#### [Task brief]
Type out the whole listing again exactly, pictures omitted.

#### [Provided data]

-------

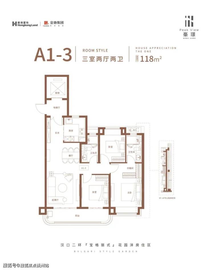 建面约112-118平 三房两厅两卫:连廊中间户,三开间朝南,北边对连廊,局部南北通透,北边空间私密性有一定影响。
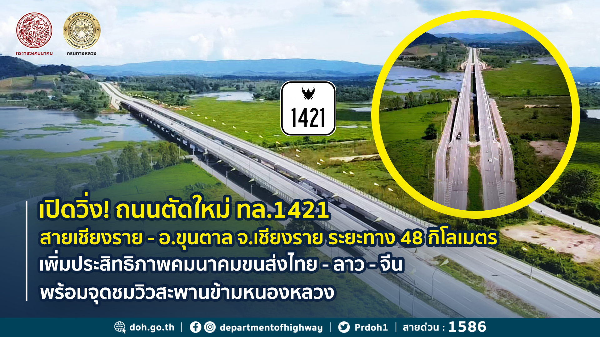 นายสราวุธ ทรงศิวิไล อธิบดีกรมทางหลวง เปิดเผยถึง การดำเนินการพัฒนาโครงข่ายทางหลวงแนวใหม่ในพื้นที่จังหวัดเชียงราย เพื่อรองรับการคมนาคมและการขนส่งระหว่างประเทศไทยกับประเทศเพื่อนบ้าน ซึ่งขณะนี้กรมทางหลวงได้ดำเนินการโครงการก่อสร้างทางหลวงหมายเลข 1421 สายเชียงราย - อ.ขุนตาล แล้วเสร็จตลอดสาย ระยะทาง 48.19 กิโลเมตร เพื่อยกระดับคุณภาพชีวิตประชาชนให้สามารถเดินทางได้อย่างสะดวก รวดเร็ว และปลอดภัย
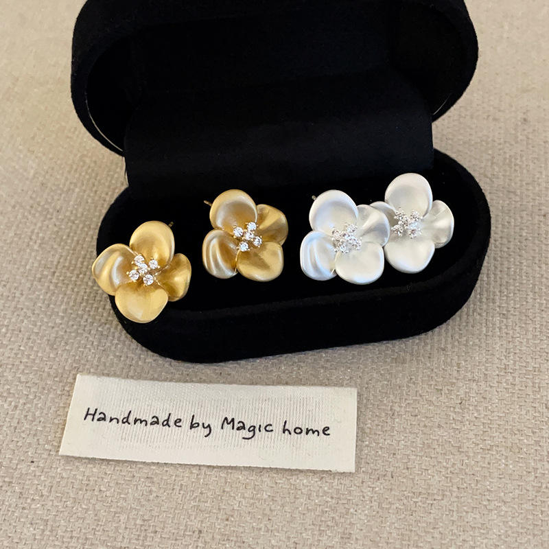 New Style Korean Blink Zircon Earrings Vintage Blossom Earrings Elegant Gold Silver Flower Stud Earrings for Girls
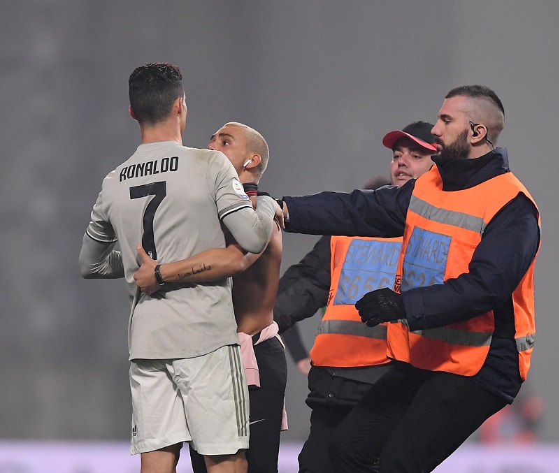 روزنو :ورزش سه:در جریان پیروزی 3-0 یوونتوس مقابل ساسولو درهفته بیست و سوم سری A، یک جیمی جامپ خود را به زمین رساند و سریع به سراغ کریستیانو رونالدو رفت تا لحظاتی جالب در دوربین‌ها ثبت شود.

-------

#### [Result]
 建面约112-118平 三房两厅两卫:连廊中间户,三开间朝南,北边对连廊,局部南北通透,北边空间私密性有一定影响。
 นายสราวุธ ทรงศิวิไล อธิบดีกรมทางหลวง เปิดเผยถึง การดำเนินการพัฒนาโครงข่ายทางหลวงแนวใหม่ในพื้นที่จังหวัดเชียงราย เพื่อรองรับการคมนาคมและการขนส่งระหว่างประเทศไทยกับประเทศเพื่อนบ้าน ซึ่งขณะนี้กรมทางหลวงได้ดำเนินการโครงการก่อสร้างทางหลวงหมายเลข 1421 สายเชียงราย - อ.ขุนตาล แล้วเสร็จตลอดสาย ระยะทาง 48.19 กิโลเมตร เพื่อยกระดับคุณภาพชีวิตประชาชนให้สามารถเดินทางได้อย่างสะดวก รวดเร็ว และปลอดภัย
 New Style Korean Blink Zircon Earrings Vintage Blossom Earrings Elegant Gold Silver Flower Stud Earrings for Girls
 روزنو :ورزش سه:در جریان پیروزی 3-0 یوونتوس مقابل ساسولو درهفته بیست و سوم سری A، یک جیمی جامپ خود را به زمین رساند و سریع به سراغ کریستیانو رونالدو رفت تا لحظاتی جالب در دوربین‌ها ثبت شود.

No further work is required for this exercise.